Moi simple Antonin Artaud
Le spectacle
Les textes
La compagnie
« Ne vous laissez jamais mettre au cercueil. Si j’ai voulu raconter l’histoire de ma vie et la revivre ici même en actes et comme en faits pour quelques uns, ce n’est pas à cause de tout ce que ma vie peut contenir d’anormal, d’insolite, de déconcertant voire surtout d’exorbitant, comme un drame où l’on aurait demandé à un acteur plus que son compte, mais parce que je pense que d’autres que moi auront senti passer en eux la même bête, la même inassouvie et propulsive bête… »
Antonin Artaud est le propre sujet de ses écrits. Pas un sujet tourné sur lui-même, mais un homme qui s’expose, comme un martyr, pour porter le fardeau de l’humanité toute entière. Comme le théâtre, l’écriture de soi est pour lui un exorcisme qui permet de chasser tous les doubles et de se dire à la fin : « moi simple Antonin Artaud ».
Spectacle basé sur des textes d'Antonin Artaud.
Représenter un rite, manier des forces, faire de l’acteur un chaman. Deux femmes enfermées dans un théâtre tentent de porter la parole d’Artaud. Pas d’identification. Pas de personnages. Pas de psychologie. Elles ne racontent pas l’histoire d’Antonin Artaud mais épousent le « je » de l’auteur sous la forme d’un rituel : deux actrices, comme deux grandes forces qui s’incarnent, donnent à voir un théâtre de la cruauté, une fête sacrificielle ; « c’est qu’il y a des dieux dans le ciel, des dieux c’est à dire des forces qui ne demandent qu’à se précipiter ».
« Lo ketenor du
Bezu bubella
Or bubella
Topeltra »
Une écriture qui recherche la parole d’avant les mots. Une écriture qui offre aux actrices la possibilité d’inventer leur propre langue. Elles vont chercher leur cri, frappées dans leur chair par les mots d’Artaud. Sans la hurler, sans la décortiquer, sans engluer le sens, elles vont se débattre avec cette écriture qui fait voler en éclat les carcans.
Elles jouent, s’amusent avec Artaud, et font jaillir avec plaisir la violence anarchique de son humour. Toujours à deux doigts de se brûler, mais sans jamais se faire mal, elles se confrontent aux obsessions du poète : la paralysie du langage, la douleur, les envoûtements, l’enfermement, la mise à mort…
Sur la scène, quelques objets sont utilisés comme instruments du rite : une corde, un bol magique, un dictaphone, un œuf, des bâches en plastique, et une sorte d’aquarium en guise de cercueil.
Pas de décors. Le plateau n’est habillé que par les objets. Le rite est sauvage, pouilleux et drôle. Pas de coulisses, pas de rideau rouge. Un espace organisé autour des objets et qui prend appui sur le lieu même des représentations. Une écriture scénique qui se fait à même le sol.
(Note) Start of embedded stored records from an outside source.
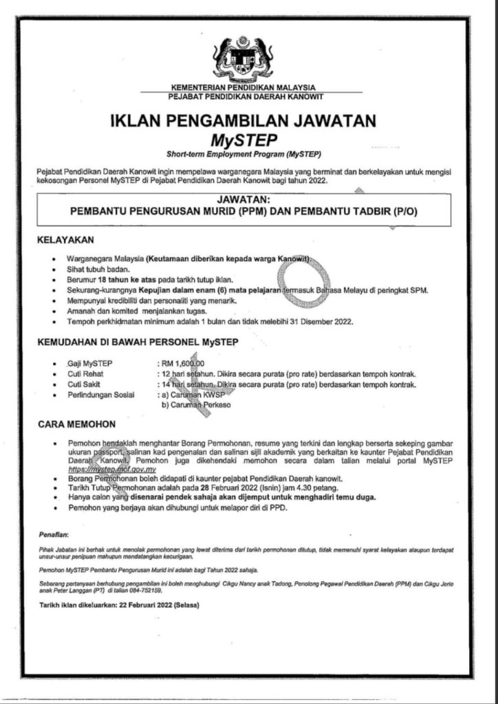 Iklan Jawatan Pejabat Pendidikan Daerah Konowit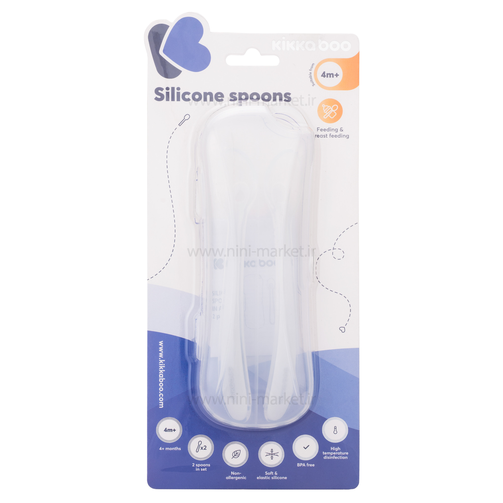 قاشق سيليکوني دو عددي همراه با قاب رنگ طوسی کیکابو kikaboo
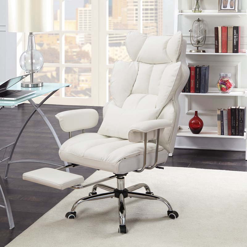 This reclining office chair includes padded armrests and an 11.5-inch retractable footrest, allowing you to kick back in comfort during moments of rest or brainstorming. It’s your personal command center for comfort and focus.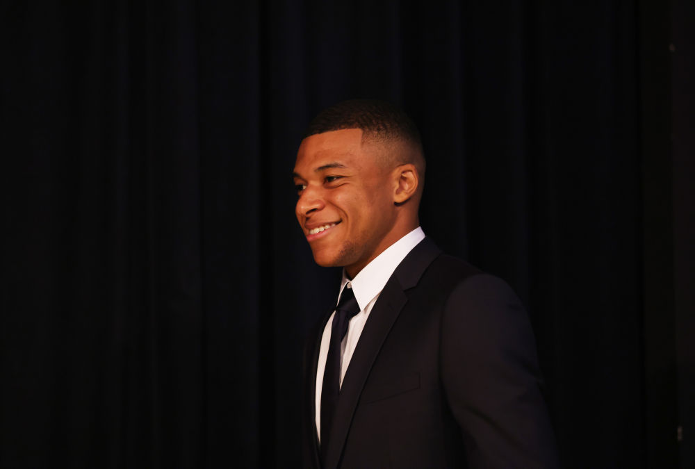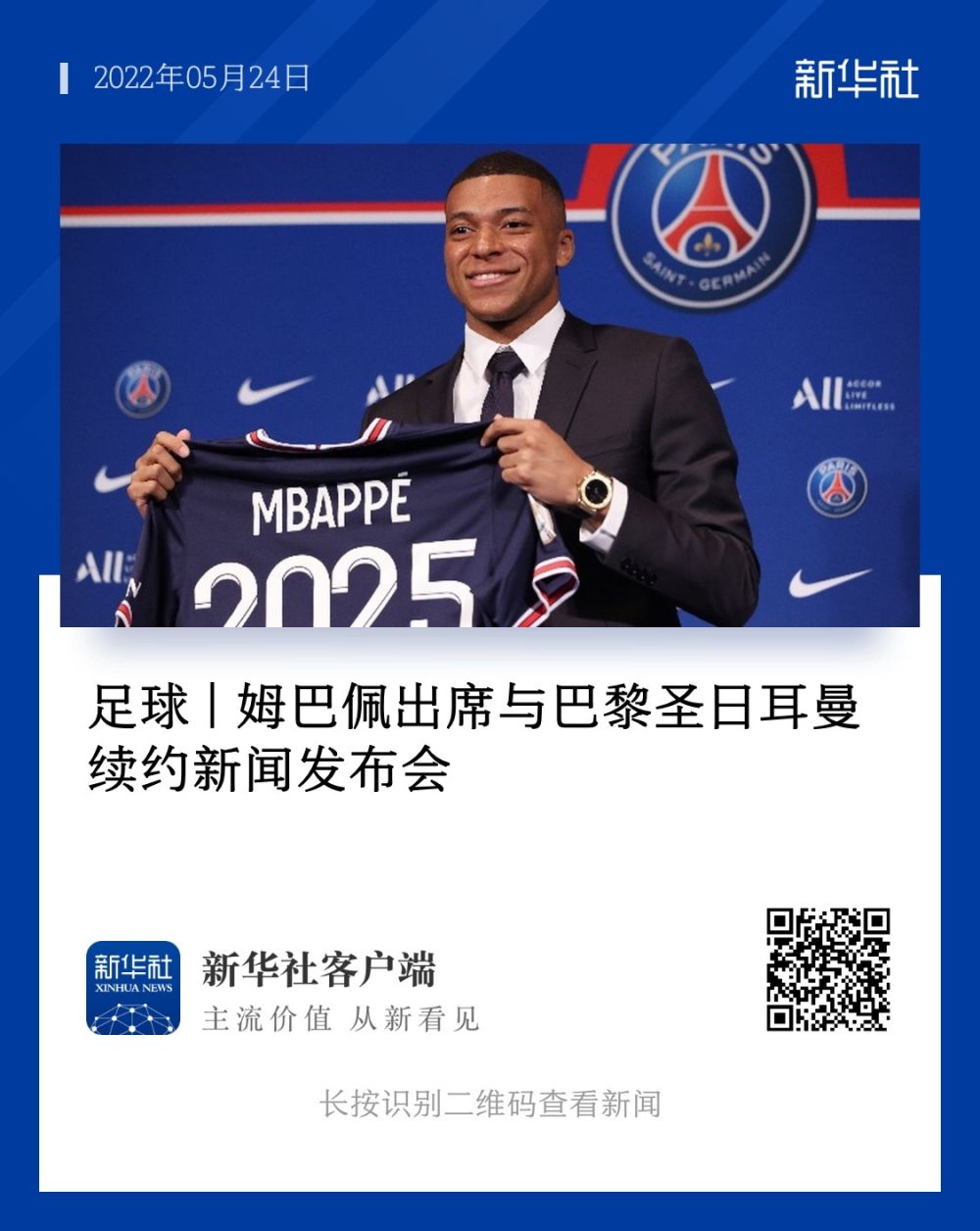 ↑2022年5月23日,在法國巴黎王子公園球場(chǎng),姆巴佩出席與巴黎圣日耳曼俱樂(lè )部續約的新聞發(fā)布會(huì )。

Les textes son tirés du Pèse-Nerfs, de Artaud le Mômo, de Suppôts et Supplications et de Histoire vécue d’Artaud-Mômo. L’auteur y adopte toutes les postures : furieux bourreau déclencheur d’apocalypse, bouc émissaire interné à l’asile de Rodez, Mômo railleur renaissant de son aliénation… Son écriture traverse tous les discours ( mystique, philosophique, poétique, scatologique) pour mieux les rejeter successivement. Les actrices se les partagent et en jouent allègrement.
Le montage des textes est fait sans parcimonie mais avec discernement ; il ne raconte pas la vie d’Artaud mais suit inévitablement un ordre chronologique pour mieux suivre le parcours effréné du poète.
Traversée : action de traverser un espace quelconque d’un bout à l’autre, passer, pénétrer de part en part à travers un corps, un milieu interposé. Percer, transpercer. La traversée tente de mettre l’interprète au cœur de la création. Elle revendique une théâtralité totale et irréaliste.